При всем японском стиле этой фразы, она была произнесена на превосходном французском языке, почти без акцента и с большой элегантностью в выражении.

– Ну, ну, ладно! – сказал священник. – Вы же пришли ко мне, не правда ли? Значит, я вас не так скоро отпущу. Надолго ли останетесь в Париже?

– Не знаю наверное.

– У вас какое-нибудь особое поручение?

– Да, поручение.

Японец не любит излагать хотя бы вкратце те поручения, которые получает от своего правительства. Аббат Мюр знал это и потому не беспокоил друга дальнейшими расспросами.

Знакомство аббата Мюра с доктором Шимадзу продолжалось лет пятнадцать. В то время Шимадзу переселился из Берлина в Париж, причем ни один человек не знал, что он собирается делать в Париже и что раньше делал в Берлине. Его медицинская репутация уже вполне установилась. Но в Европе он не работал по своей специальности, хоть и посещал больницы и клиники. Его немецкие и французские коллеги относились к нему с большим уважением. Он был известен как автор весьма почтенных научных трудов. Внешне он жил без роскоши, но с большим комфортом. Аббату Мюру он был представлен одним из эльзасских епископов. Мюру очень понравился этот вежливый и скрытный человек, который своим проницательным умом, казалось, заранее угадывал все, что ему говорили и чего не говорили. Аббат Мюр не принадлежал к числу тех священников, у которых исполнение узкоцерковных обязанностей вытеснило земную любознательность. Его считали философом, и не без основания. Что же касается доктора Шимадзу, то и он был всесторонне образованным человеком: он столь же хорошо знал Конфуция, как и Бергсона. Подлинно японская обходительность и так делали его необыкновенно приятным собеседником в тех полусхоластических, полуметафизических диспутах, которыми так развлекался его друг аббат. В конце концов, между обоими людьми, родившимися так далеко друг от друга, и шедшими в жизни столь разными путями, укрепилась истинная и крепкая дружба, основанная на взаимной привязанности и взаимном уважении.

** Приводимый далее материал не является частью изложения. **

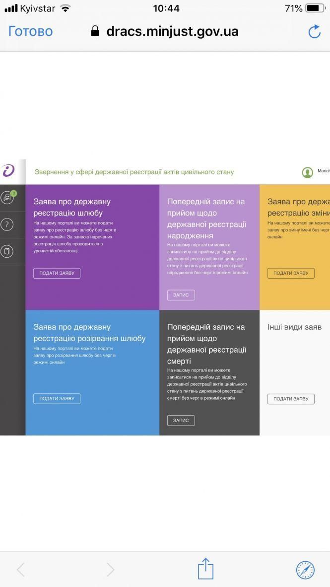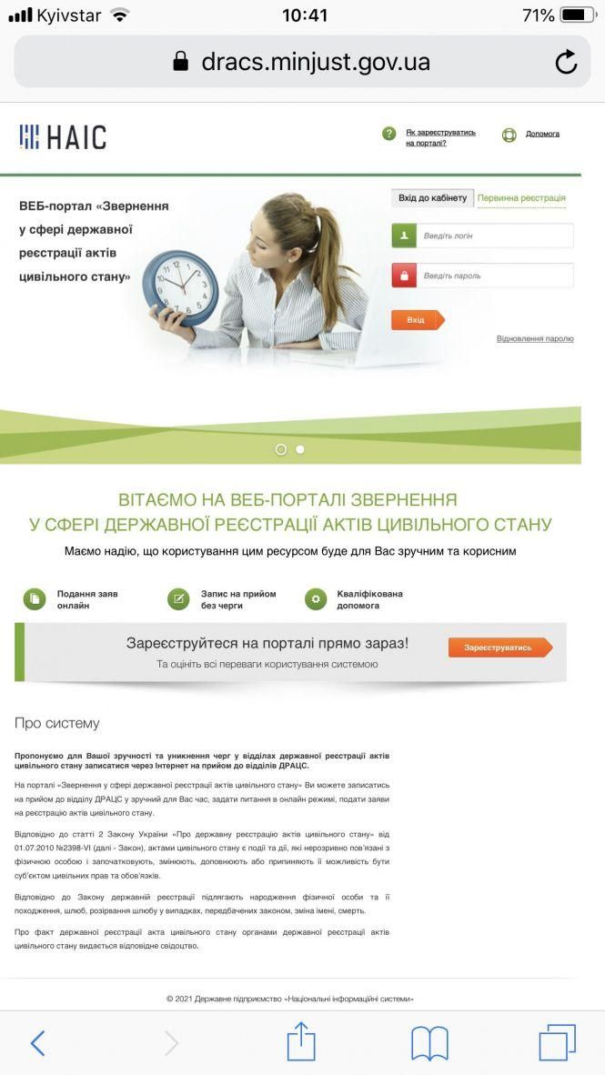 Система пропонує для зручності та уникнення черг у відділах державної реєстрації актів цивільного стану записатися через Інтернет на прийом до відділів РАЦС.

Они сели рядом на балконе, который был лучшим уголком в квартире аббата. Достаточно широкий, чтоб вместить несколько кресел или шезлонгов, он возвышался над набережной Сены, обрамленной тополями и чинарами. Вдали виднелась великолепная Нотр-Дам, красоту которой не умаляют следы дыма и дождей на многовековых ее стенах. С какой стороны ни смотреть на него – спереди или в профиль, или труакар, с востока, запада, юга или севера, собор Парижской Богоматери остается все тем же каменным сновидением, величественным сочетанием небесного и земного.

Солнце посылало с юго-запада свои последние красные стрелы на дома набережной, служившие экраном и бросавшие длинные тени с одного берега на другой. Зеркало Сены затемнилось, и зеленая окраска воды сменилась коричневой. Сумерки достигли уже верхушек деревьев. Но Собор, царивший над всей окрестностью, ярко горел в лучах заката. Мозаичные окна его искрились, отражая свет. И темная поверхность воды, задетая этим отражением, расцветилась гранатами и рубинами.

– Я так мало путешествовал, – сказал аббат Мюр после долгого молчания, – и не утверждаю, конечно, будто наша маленькая Франция – самая красивая страна на свете. Ей до этого, конечно, далеко. Но я склонен думать, что она – одна из самых трогательных и волнующих.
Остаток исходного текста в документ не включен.